Мысль Опалина была проста: в семье, где две дочери стали жертвами, третья не могла погибнуть в результате несчастного случая. Кто-то забрался на крышу, улучил момент и сбросил на Лизу ледяную глыбу. И Опалин старался не думать о том, что он сделает, когда доберется до этого «кого-то».
Он врезался в дворничиху, которая несла широкую лопату для разгребания снега, и чуть не сбил ее с ног.
– Куда несешься-то, оглашенный, – проворчала она.
– Угрозыск! – Опалин махнул удостоверением, выронил его и подобрал с проклятьем. – Убили девочку… Кто-нибудь поднимался на крышу дома?
Дворничиха, с опаской глядя в его перекошенное лицо, замотала головой.
– Кто-нибудь посторонний вертелся тут сейчас… или, может быть, в последние дни?
Дворничиха задумалась.
– Да посторонних много кого было… – начала она.

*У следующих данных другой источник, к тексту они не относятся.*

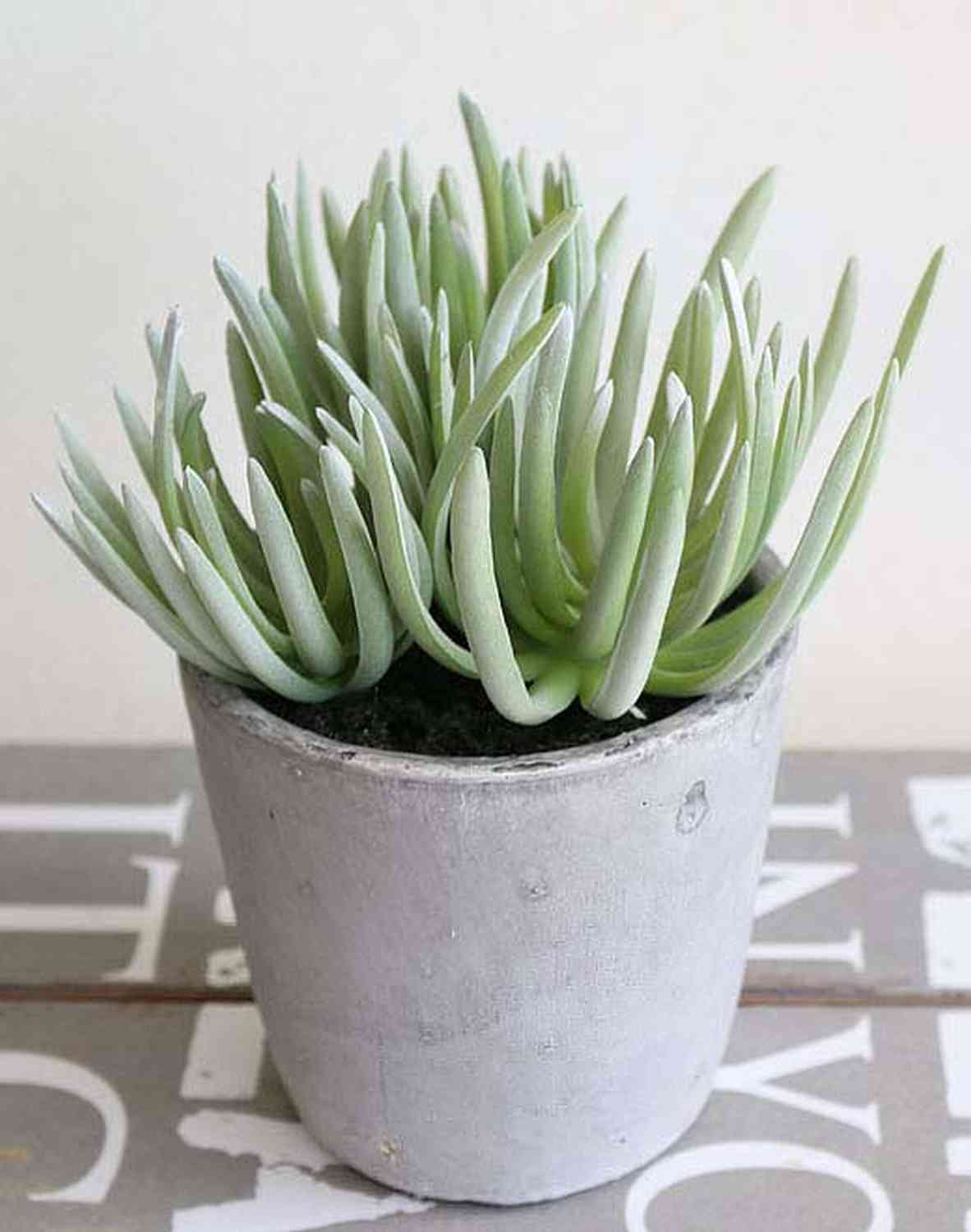 Pachyphytum longifolium artificiale SHERRI in vaso di cemento, grigio-verde, 20cm
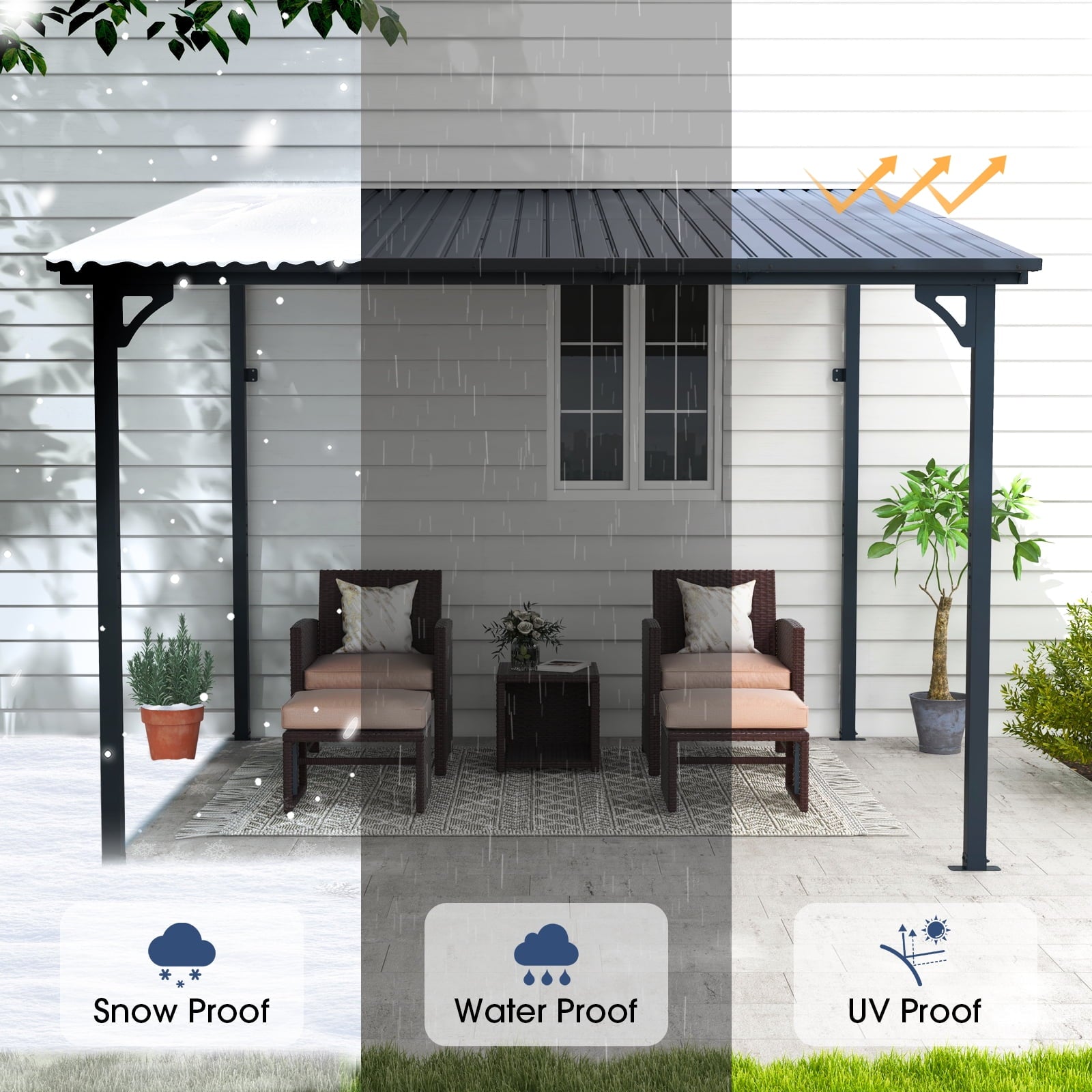• Wall-Mounted Design – Wall-mounted heavy hardtop pergolas are suitable for installation on the side of a house, on a patio, along a porch,  or for use next to a wall. Effectively blocking ultraviolet rays, it is a perfect choice for outdoor barbecue, party, or daily relaxation with your family and friends all year round.

Но Опалина поджимало время, и он, оставив ее, кинулся к черному ходу. Сыщицкий его взгляд тотчас выхватил на недавно выпавшем снегу свежие следы двух пар валенок, которые вели из дома. «Она уже спустилась с крыши и, конечно, убежала… Какой же я осел!» Он подскочил к дворничихе, убедился, что одна пара следов точно принадлежит ей, и побежал вдоль второго следа, стараясь не затоптать его. Дворничиха поглядела ему вслед, покачала головой и изрекла глубокомысленное – то, что она всегда говорила, когда ей досаждал кто-нибудь из жильцов:
– Гепеу на тебя нет!
«Я был прав, прав – Лизе угрожала опасность – как же я недоглядел – сразу надо было бежать на лестницу и на крышу, захватил бы там мерзавку – а теперь…» Следы валенок уходили на оживленную улицу, и он видел по ним, что преступница спешила скрыться – и теперь, вероятно, была уже вне пределов досягаемости. «Нет, нет, нет, – отчаявшись, мысленно умолял Опалин кого-то, – только не это… Пожалуйста». Он выскочил из переулка и стоял, запыхавшись и чувствуя, как бешено колотится его сердце. Конец, конец всему: десятки, сотни чужих ног затоптали след, по которому он шел, витрины магазинов, вывески лавок, сутулые московские фонари – все было против него. Переводя дух, он обшаривал глазами улицу, ища свидетеля – постового – хоть кого-нибудь, кто мог ему помочь, но видел только спины, головы в шапках и толстых шерстяных платках, шинели проходящих военных, опять спины… И внезапно одна спина на другой стороне улицы словно поманила его; позже он пытался точно вспомнить, что именно показалось ему подозрительным, ведь ничего же особенного не было – ну, разве что втянутая в плечи голова и походка, чуть более поспешная, чем – чем у кого? У человека, который невиновен? Но, разом приободрившись, он припустился бежать за обладательницей спины, которая привлекла его внимание. На бегу он отметил еще одно обстоятельство: женщина, за которой он бежал, воровато, украдкой оглянулась через плечо – и, отвернувшись, еще сильнее втянула голову в плечи. Она спешила к очереди на трамвайной остановке (тогда, чтобы сесть в трамвай, становились в очередь); но тут Опалин догнал незнакомку и левой рукой (правой он во избежание сюрпризов нащупывал браунинг в кармане) развернул к себе. Да, он знал эту женщину, он даже был однажды у нее дома. На него смотрела Екатерина Александровна Кривонос, скромная учительница немецкого.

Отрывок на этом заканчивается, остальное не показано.